Work order: The expected answer is the data below, printed verbatim without its pictures.

The data:
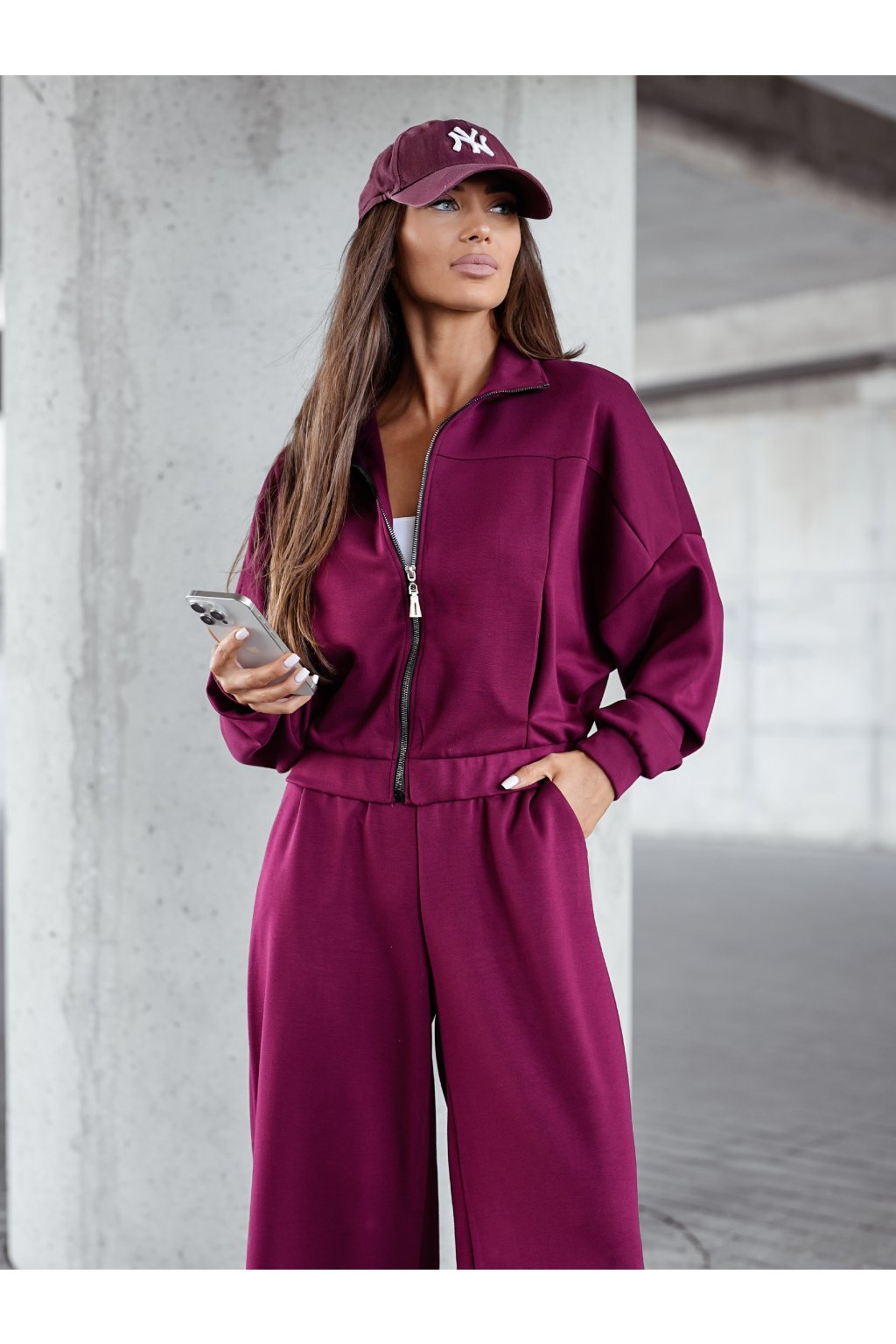 Vínová tepláková souprava s mikinou na zip je ideální volbou pro sport i domácí pohodu.
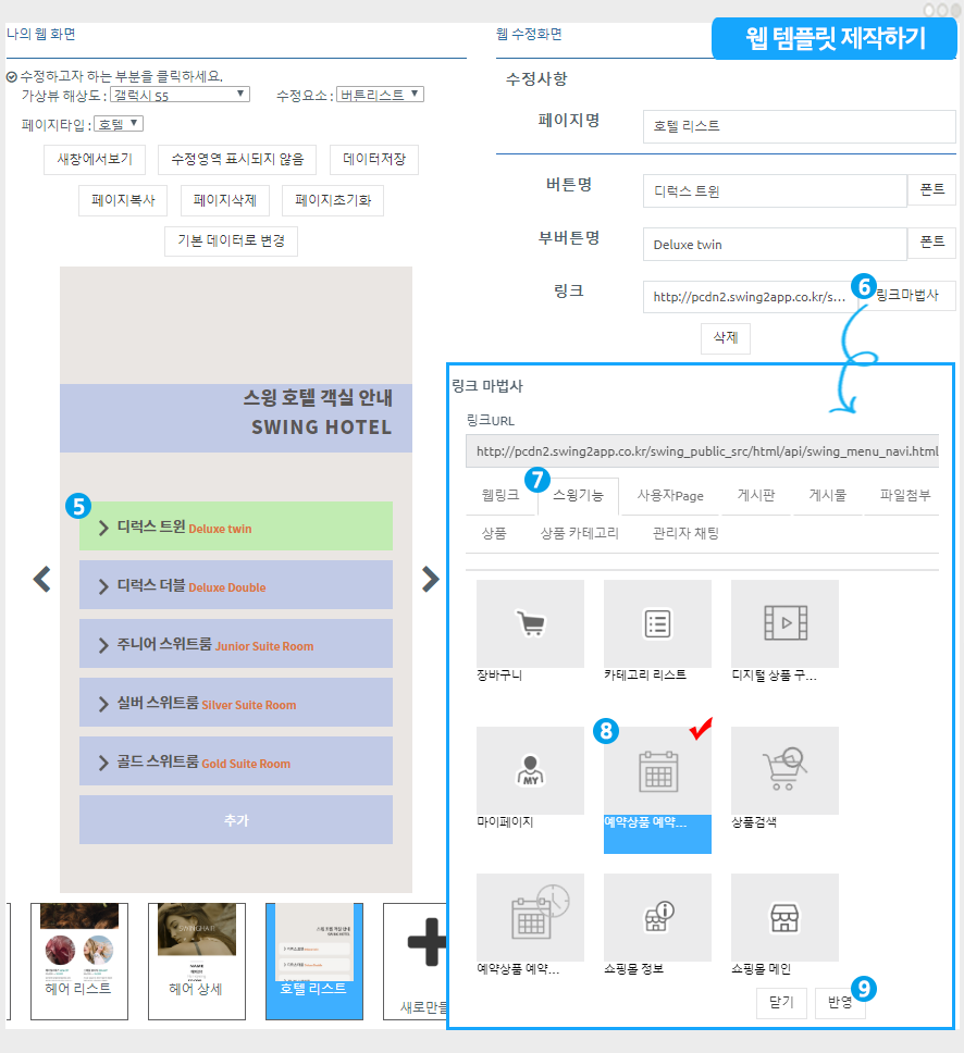 웹 템플릿 페이지-스윙샵 상품을 넣어서 제작하는 방법
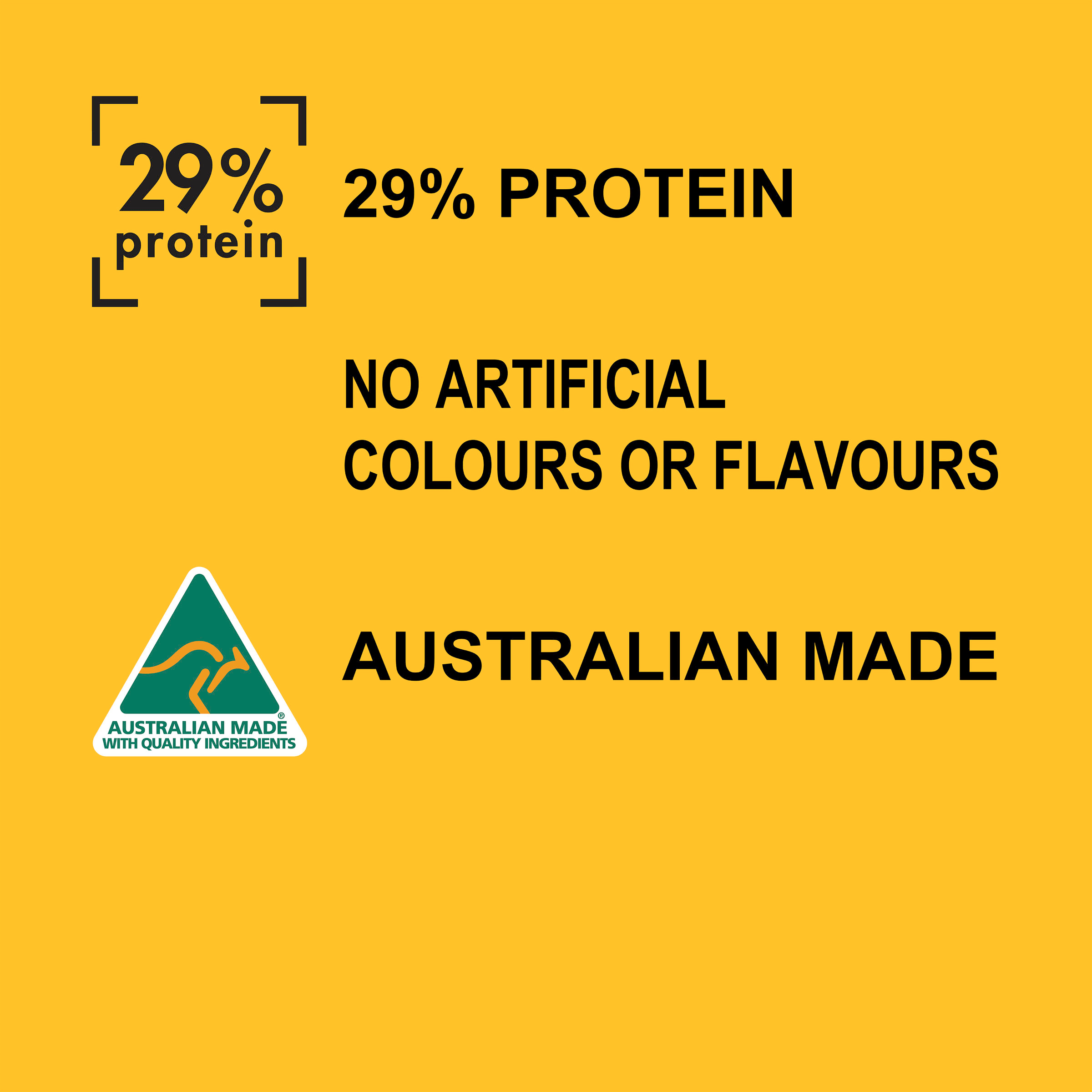 Cereals &/or cereal by-products, meat & meat by-products (poultry, beef &/or lamb), poultry palatant, tuna, beet pulp, minerals (iron, zinc, copper, potassium, calcium, phosphorus, manganese and selenium), iodised salt, vitamins (A, D3, E, B1, B2, B3, B5, B6, B9, B12 and choline), antioxidants and inulin

Response area:
 Vínová tepláková souprava s mikinou na zip je ideální volbou pro sport i domácí pohodu.
 웹 템플릿 페이지-스윙샵 상품을 넣어서 제작하는 방법
 Cereals &/or cereal by-products, meat & meat by-products (poultry, beef &/or lamb), poultry palatant, tuna, beet pulp, minerals (iron, zinc, copper, potassium, calcium, phosphorus, manganese and selenium), iodised salt, vitamins (A, D3, E, B1, B2, B3, B5, B6, B9, B12 and choline), antioxidants and inulin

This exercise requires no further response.